Segment Open

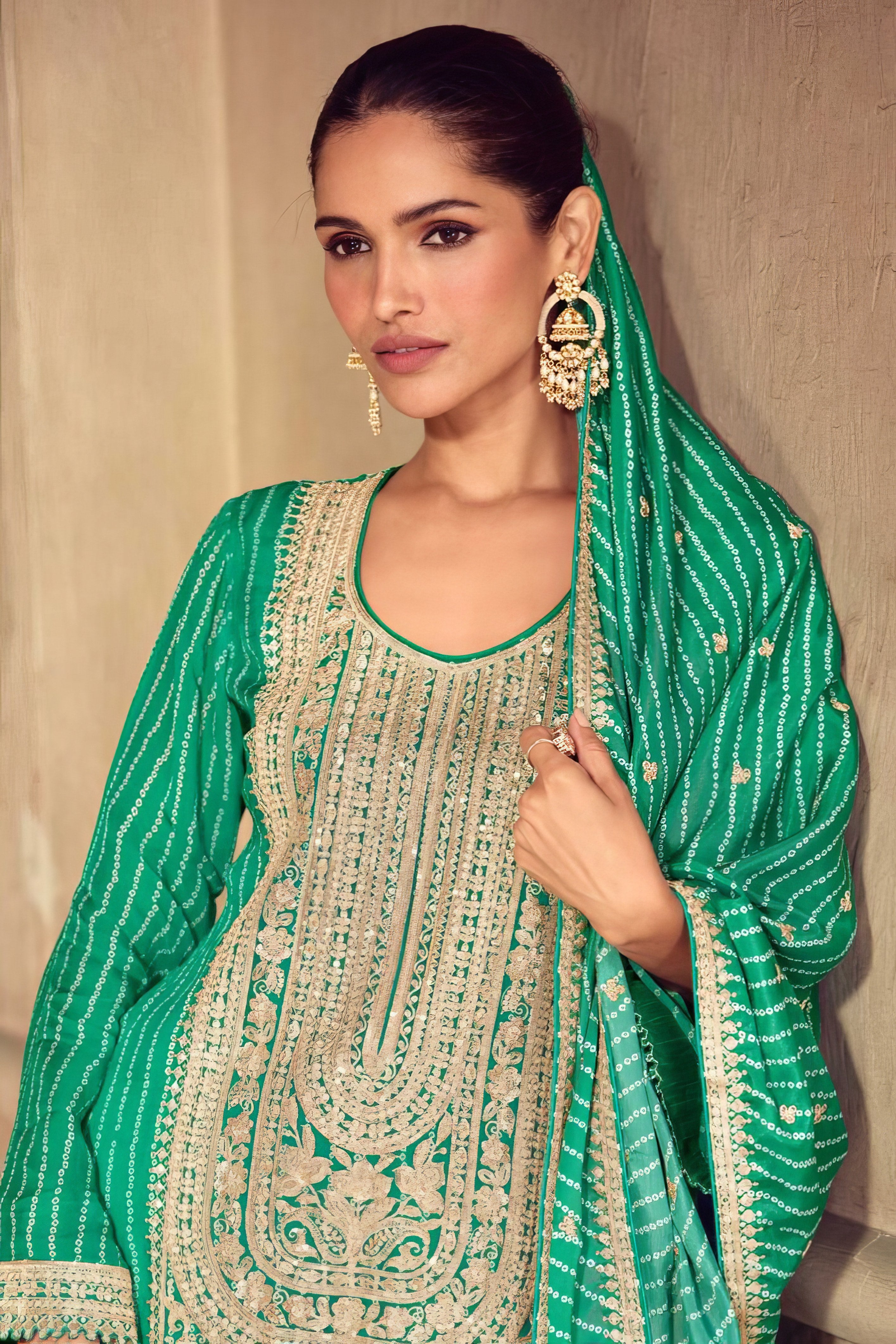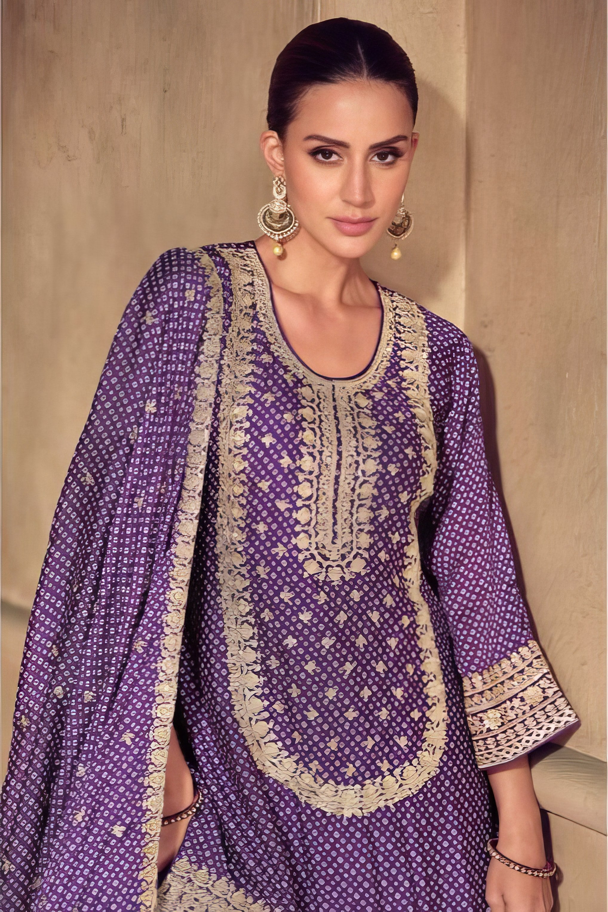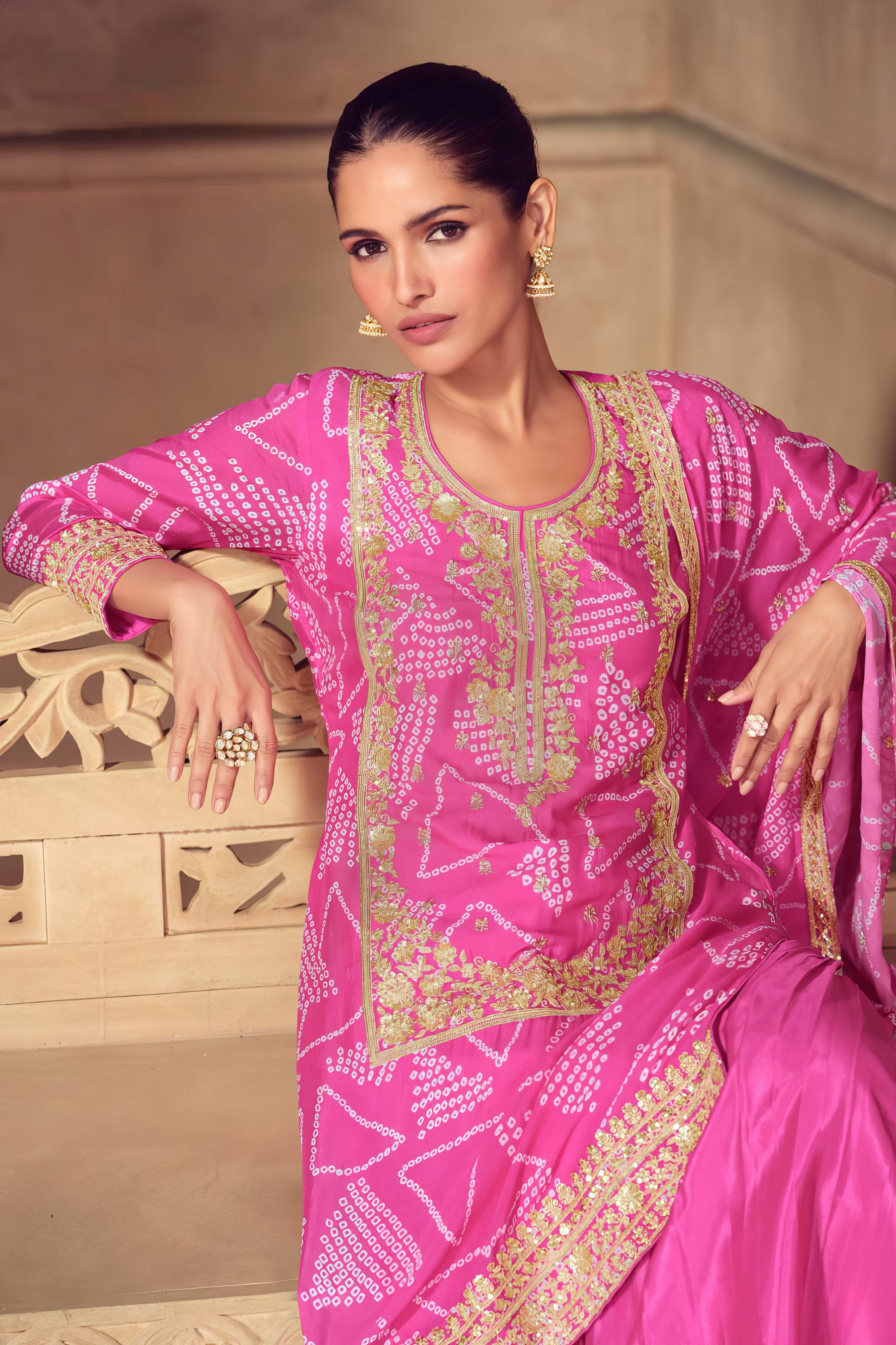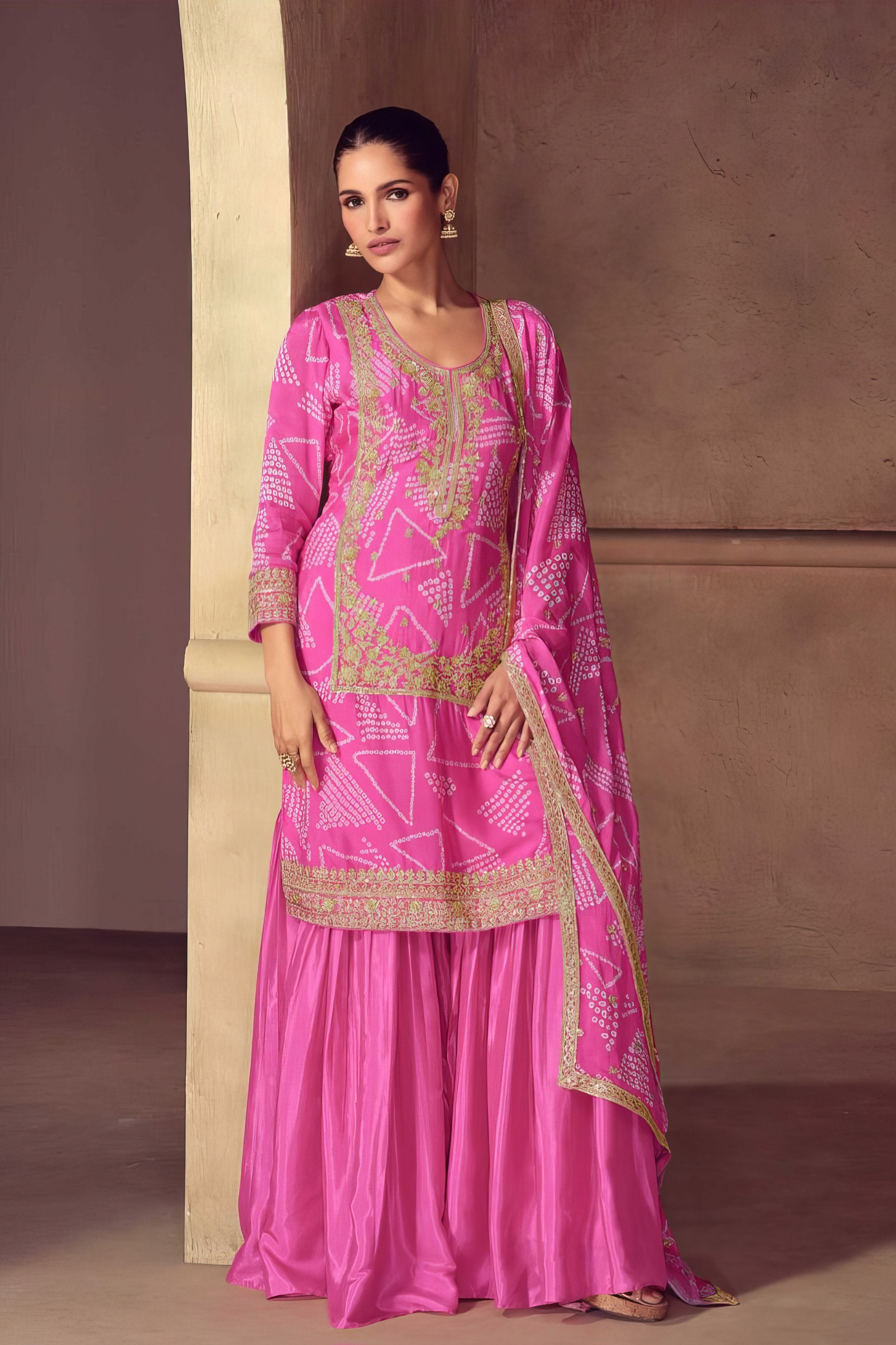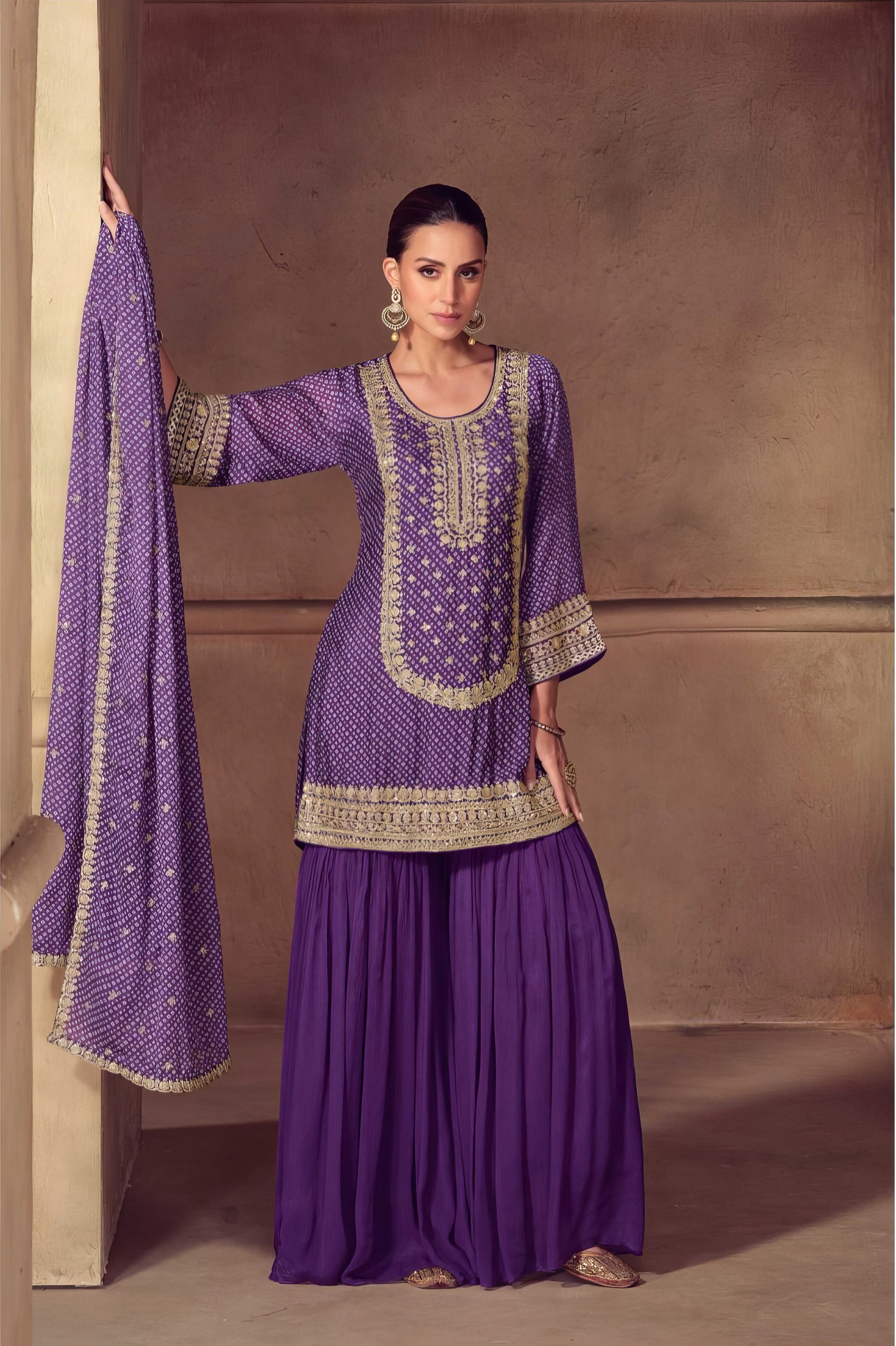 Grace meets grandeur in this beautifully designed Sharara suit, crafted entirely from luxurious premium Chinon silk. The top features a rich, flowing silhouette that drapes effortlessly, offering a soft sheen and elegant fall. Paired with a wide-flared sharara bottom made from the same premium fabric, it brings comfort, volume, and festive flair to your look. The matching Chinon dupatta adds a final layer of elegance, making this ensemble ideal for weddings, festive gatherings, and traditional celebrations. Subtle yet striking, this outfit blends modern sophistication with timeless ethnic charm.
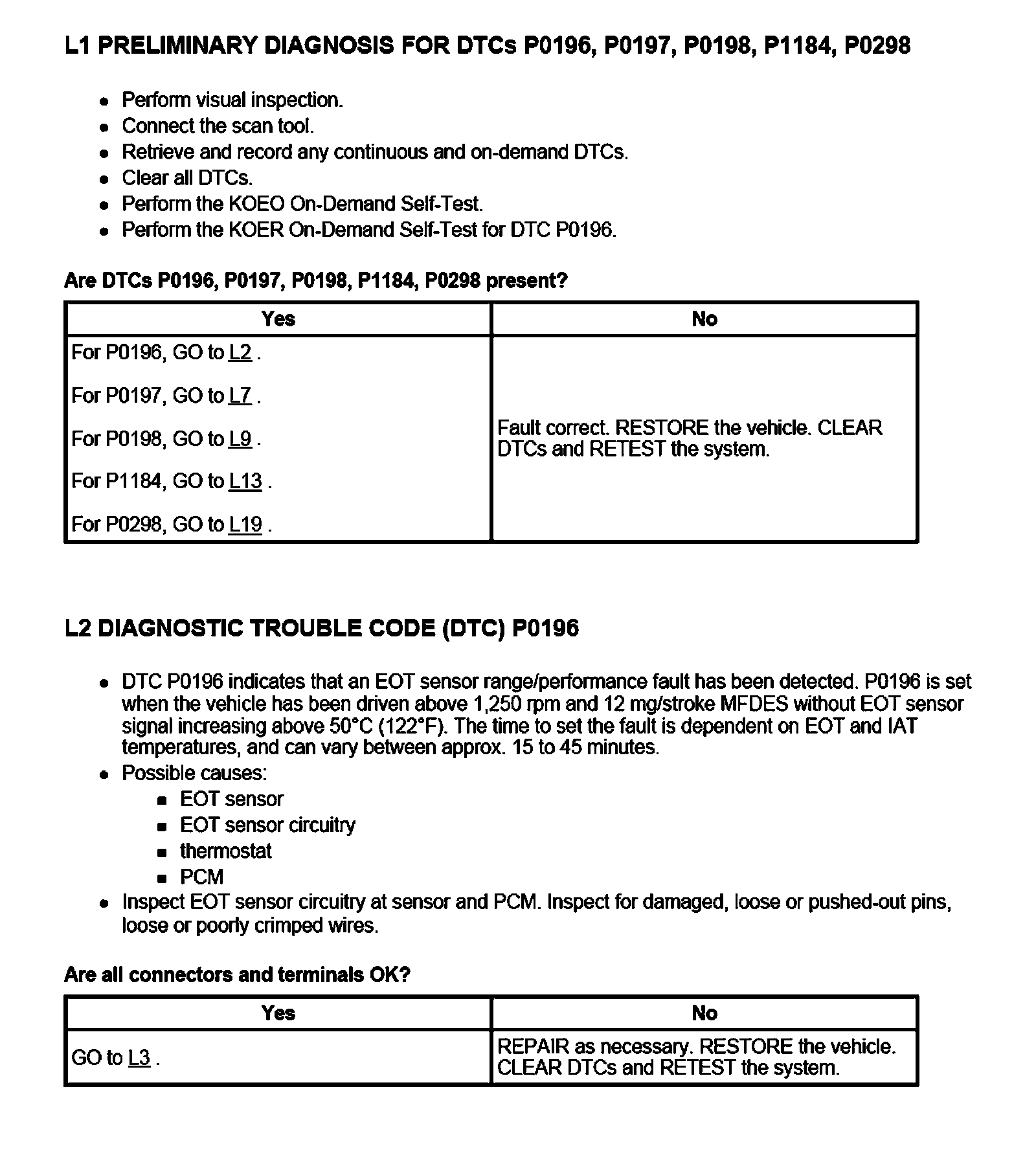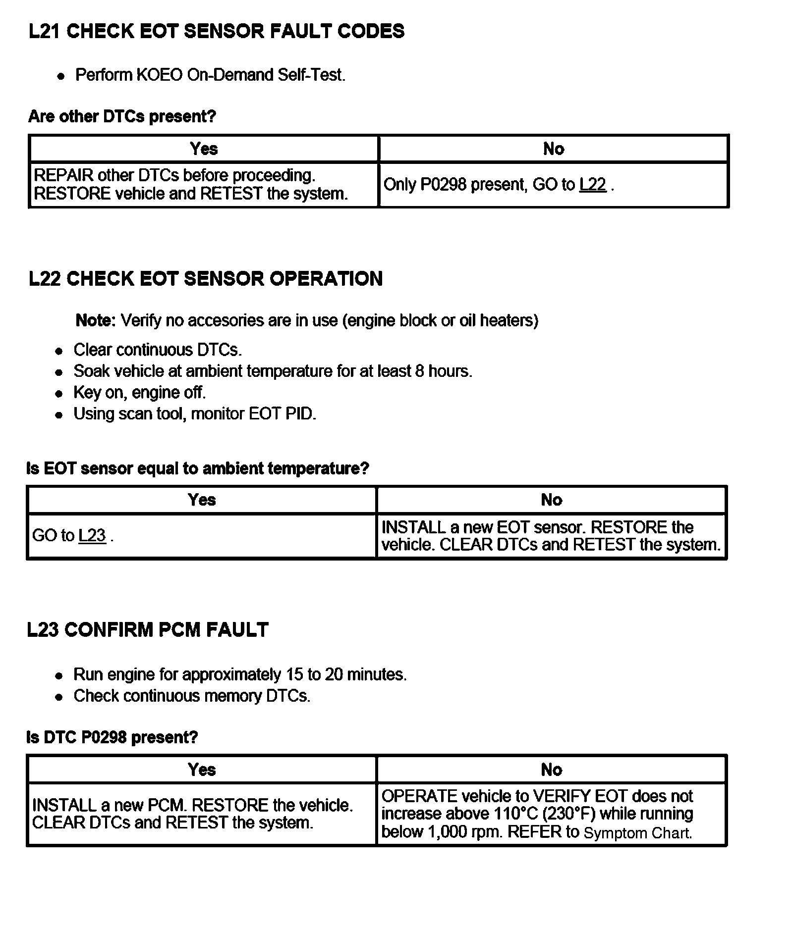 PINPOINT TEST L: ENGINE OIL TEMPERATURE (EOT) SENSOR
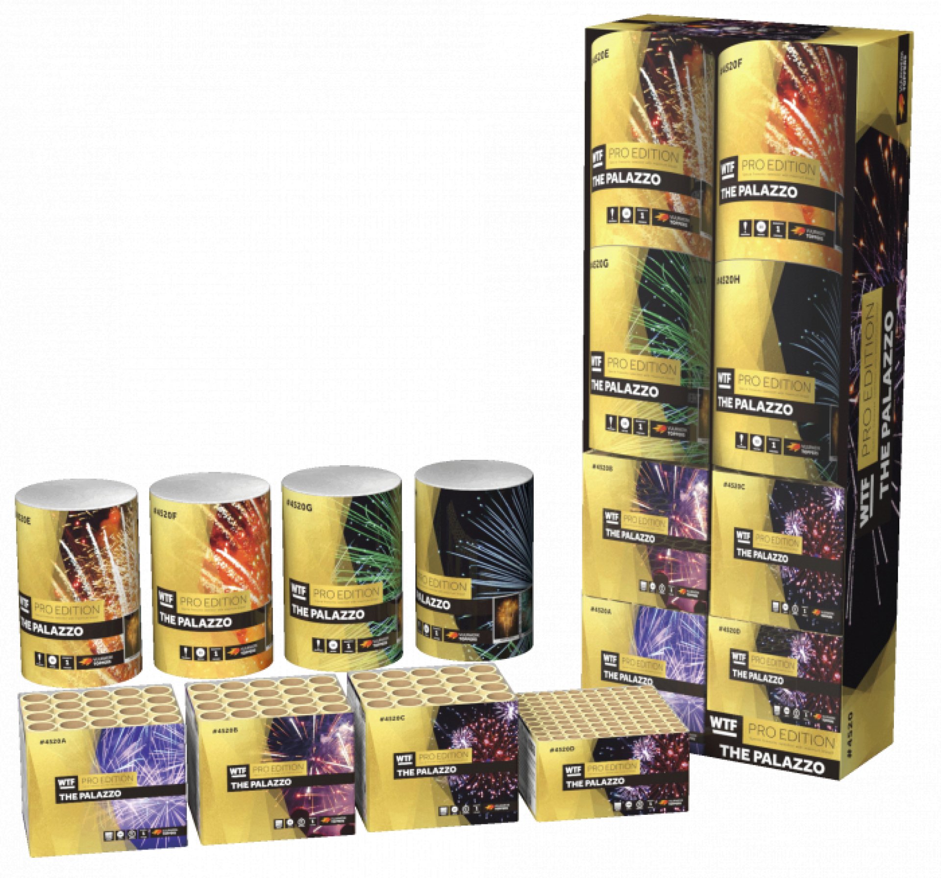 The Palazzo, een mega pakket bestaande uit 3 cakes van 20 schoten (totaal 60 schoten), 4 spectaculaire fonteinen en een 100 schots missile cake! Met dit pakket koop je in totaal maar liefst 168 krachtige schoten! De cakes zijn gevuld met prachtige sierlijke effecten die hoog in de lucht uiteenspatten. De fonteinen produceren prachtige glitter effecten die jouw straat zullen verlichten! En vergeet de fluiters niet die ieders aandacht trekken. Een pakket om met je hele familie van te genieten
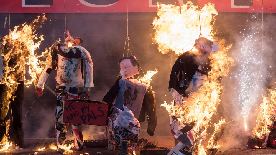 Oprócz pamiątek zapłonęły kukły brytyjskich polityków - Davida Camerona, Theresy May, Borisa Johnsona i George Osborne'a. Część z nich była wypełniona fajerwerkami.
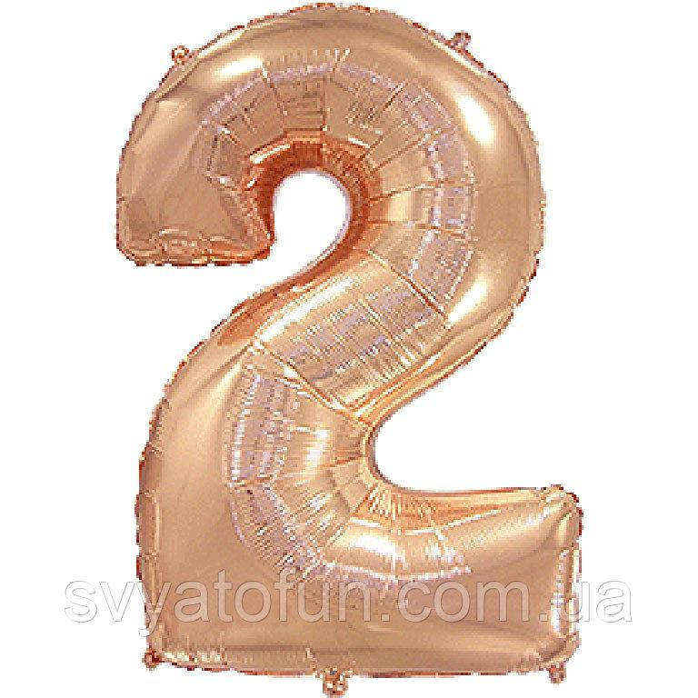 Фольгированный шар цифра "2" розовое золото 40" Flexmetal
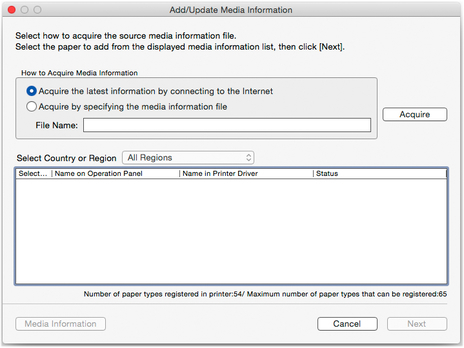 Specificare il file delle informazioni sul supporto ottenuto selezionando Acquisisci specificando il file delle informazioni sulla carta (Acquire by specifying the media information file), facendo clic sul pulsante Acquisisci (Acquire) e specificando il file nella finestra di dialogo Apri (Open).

Segment Closed

EXERCISE GOAL: Keep the pictures out and write out the records exactly.

YOUR RESPONSE:
 Grace meets grandeur in this beautifully designed Sharara suit, crafted entirely from luxurious premium Chinon silk. The top features a rich, flowing silhouette that drapes effortlessly, offering a soft sheen and elegant fall. Paired with a wide-flared sharara bottom made from the same premium fabric, it brings comfort, volume, and festive flair to your look. The matching Chinon dupatta adds a final layer of elegance, making this ensemble ideal for weddings, festive gatherings, and traditional celebrations. Subtle yet striking, this outfit blends modern sophistication with timeless ethnic charm.
 PINPOINT TEST L: ENGINE OIL TEMPERATURE (EOT) SENSOR
 The Palazzo, een mega pakket bestaande uit 3 cakes van 20 schoten (totaal 60 schoten), 4 spectaculaire fonteinen en een 100 schots missile cake! Met dit pakket koop je in totaal maar liefst 168 krachtige schoten! De cakes zijn gevuld met prachtige sierlijke effecten die hoog in de lucht uiteenspatten. De fonteinen produceren prachtige glitter effecten die jouw straat zullen verlichten! En vergeet de fluiters niet die ieders aandacht trekken. Een pakket om met je hele familie van te genieten
 Oprócz pamiątek zapłonęły kukły brytyjskich polityków - Davida Camerona, Theresy May, Borisa Johnsona i George Osborne'a. Część z nich była wypełniona fajerwerkami.
 Фольгированный шар цифра "2" розовое золото 40" Flexmetal
 Specificare il file delle informazioni sul supporto ottenuto selezionando Acquisisci specificando il file delle informazioni sulla carta (Acquire by specifying the media information file), facendo clic sul pulsante Acquisisci (Acquire) e specificando il file nella finestra di dialogo Apri (Open).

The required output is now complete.